Database Credentialed Access

Niels Turley , Haoqi Sun , M Brandon Westover

Published: March 2, 2026. Version: 1.0

When using this resource, please cite: (show more options)
Turley, N., Sun, H., & Westover, M. B. (2026). Narcolepsy Risk Estimation from Clinical Notes (version 1.0). Brain Data Science Platform. https://doi.org/10.60508/ac4f-q855.

MLA	Turley, Niels, et al. "Narcolepsy Risk Estimation from Clinical Notes" (version 1.0). Brain Data Science Platform (2026), https://doi.org/10.60508/ac4f-q855.
APA	Turley, N., Sun, H., & Westover, M. B. (2026). Narcolepsy Risk Estimation from Clinical Notes (version 1.0). Brain Data Science Platform. https://doi.org/10.60508/ac4f-q855.
Chicago	Turley, Niels, Sun, Haoqi, and M Brandon Westover. "Narcolepsy Risk Estimation from Clinical Notes" (version 1.0). Brain Data Science Platform (2026). https://doi.org/10.60508/ac4f-q855.
Harvard	Turley, N., Sun, H., and Westover, M. B. (2026) 'Narcolepsy Risk Estimation from Clinical Notes' (version 1.0), Brain Data Science Platform. Available at: https://doi.org/10.60508/ac4f-q855.
Vancouver	Turley N, Sun H, Westover M B. Narcolepsy Risk Estimation from Clinical Notes (version 1.0).
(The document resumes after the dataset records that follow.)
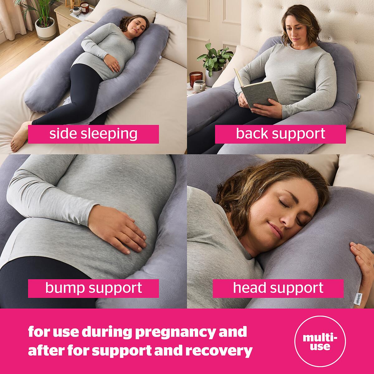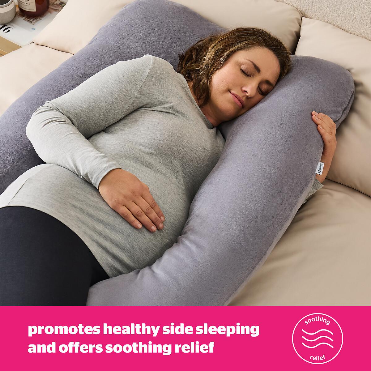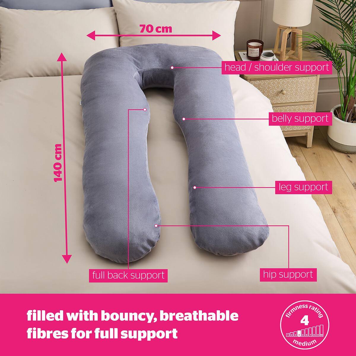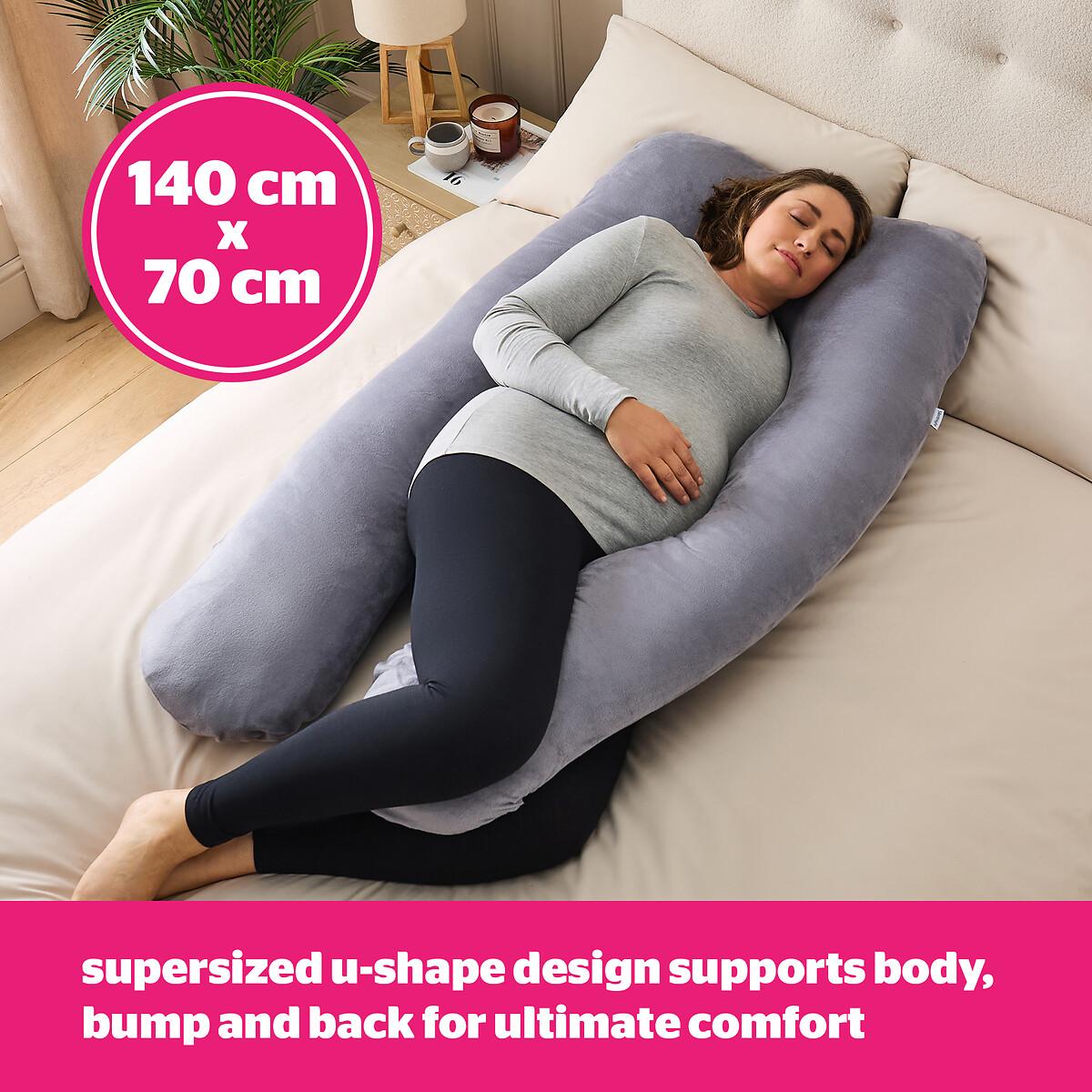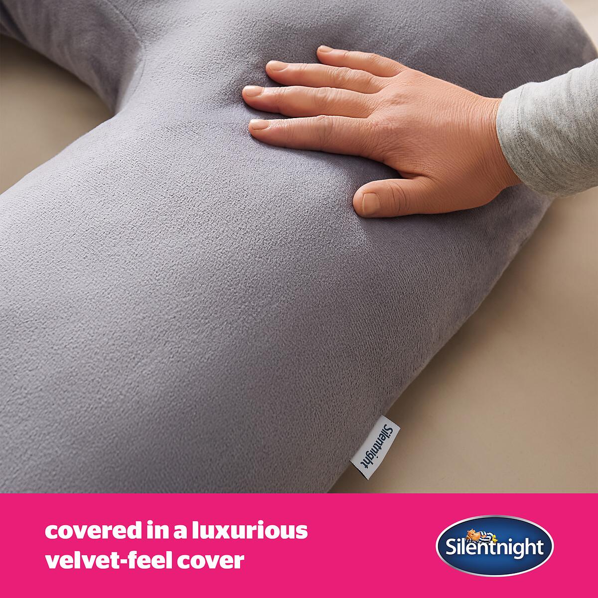 For full body comfort and support when sleeping or relaxing, the Silentnight Body Support U-Shaped Pregnancy Pillow fits the natural contours of the body, supporting bump & back, for the most comfortable night’s sleep. Uniquely designed with support and comfort in mind, the supersized ergonomic design promotes healthy side sleeping and provides relief from back, neck, hip, and knee discomfort you may get during and after pregnancy. The pillow is covered in a luxurious velvet-feel cover and filled with wonderfully squishy hollowfibre, for ultimate comfort. Silentnight are the UK’s most trusted bed brand with over 75 years’ experience in creating products that offer solutions for every sleeper. Key Features:• ERGONOMIC FULL BODY SUPPORT:Uniquely designed with support and comfort in mind, the ergonomic supersized u-shape, measuring 140x170cm, fits the natural contours of the body, supporting bump & back, for the most comfortable night’s sleep.• ENCOURAGES HEALTHY SLEEP:Promotes healthy side-sleeping to help you have a more comfortable and relaxing night’s sleep throughout your pregnancy. • SOOTHING RELIEF FOR PREGNANCY & BEYOND: All over body support and relief from the back, neck, hip, and knee pain you might feel during and after pregnancy.• MULTI USE: For sleeping or relaxing, the u-shape will encase your body in soft and plush comfort whether you are relaxing on the bed, on the sofa or whilst nursing. For use during and after pregnancy for support and recovery. • BREATHABLE COMFORT: Filled with wonderfully bouncy, breathable fibres and covered in a luxurious velvet-feel cover for ultimate cosy feels and comfort. • WASHABLE:Machine washable cover so you can keep your pillow feeling fresh. Product Dimensions:140x 70x 16 cmON E SIZEThis product will be dispatched by one of our trusted suppliers. You’ll be contacted by their selected courier about your delivery.
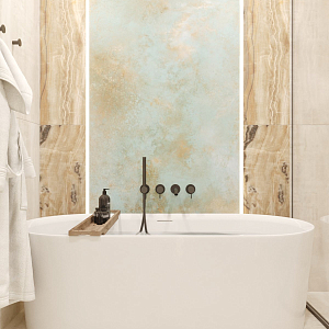 Интерьер ванной с подсветкой настенной и подсветкой светодиодной, проект «Проект ванной комнаты, Нижний Новгород 5,26 кв.м, Квартира» №4
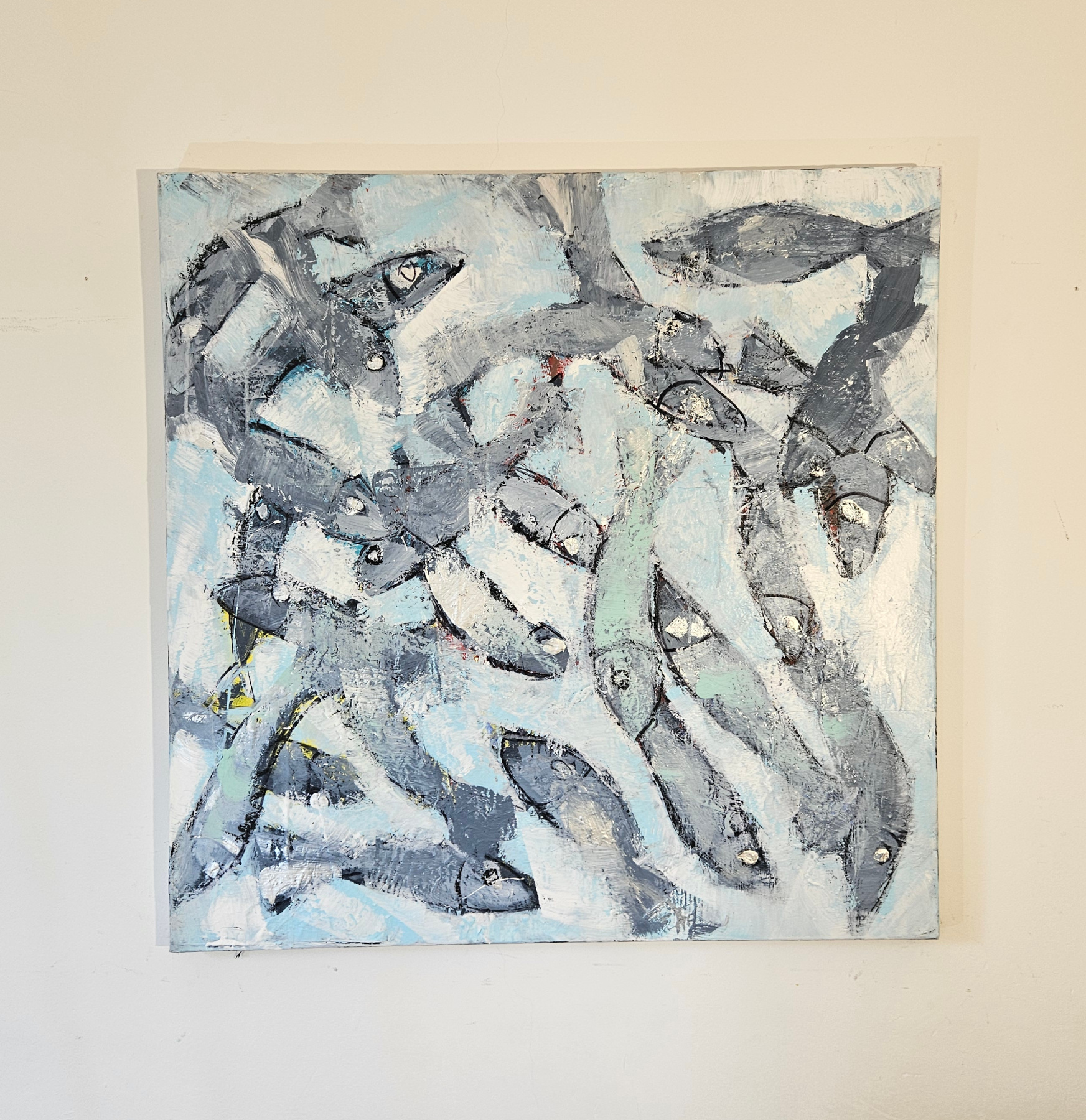 Contemporary artwork painted by the french artist Guillaume Marchat, showing dark grey fishes swimming in the bleu light sea. The fishes seem moving on the cloth.

Brain Data Science Platform. 2026. Available from: https://doi.org/10.60508/ac4f-q855.

Abstract

Narcolepsy is a chronic neurological disorder that is often underdiagnosed and subject to long diagnostic delays. We developed and validated machine learning models to phenotype narcolepsy type 1 (NT1) and narcolepsy type 2/idiopathic hypersomnia (NT2/IH) using electronic health record (EHR) data from five sites within the Brain Data Science Platform (BDSP): Mass General Brigham, Beth Israel Deaconess Medical Center, Boston Children's Hospital, Stanford University, and Emory University. Clinical notes were manually annotated by physician reviewers following a standardized protocol, and model features were derived from ICD codes, medication orders, and natural language keyword extraction. For cross-sectional classification, we trained logistic regression, random forest, gradient boosting, and XGBoost models using nested leave-one-site-out cross-validation. NT1 classification achieved mean AUROCs of 0.991–0.994 and AUPRCs of 0.906–0.935; NT2/IH classification was more challenging, with mean AUROCs of 0.967–0.984 and AUPRCs of 0.692–0.778. For longitudinal prediction, we trained regularized logistic regression models (SGD with L1 penalty) using cumulative NLP features from pre-diagnostic notes, with a 6-month horizon exclusion to prevent learning from diagnostic-workup features. Leave-one-site-out validation achieved AUROCs of 0.80 (any narcolepsy) and 0.79 (NT1), enabling identification of at-risk patients prior to clinical diagnosis. We here release the associated data and code to support reproducible research in narcolepsy phenotyping from large-scale EHR data.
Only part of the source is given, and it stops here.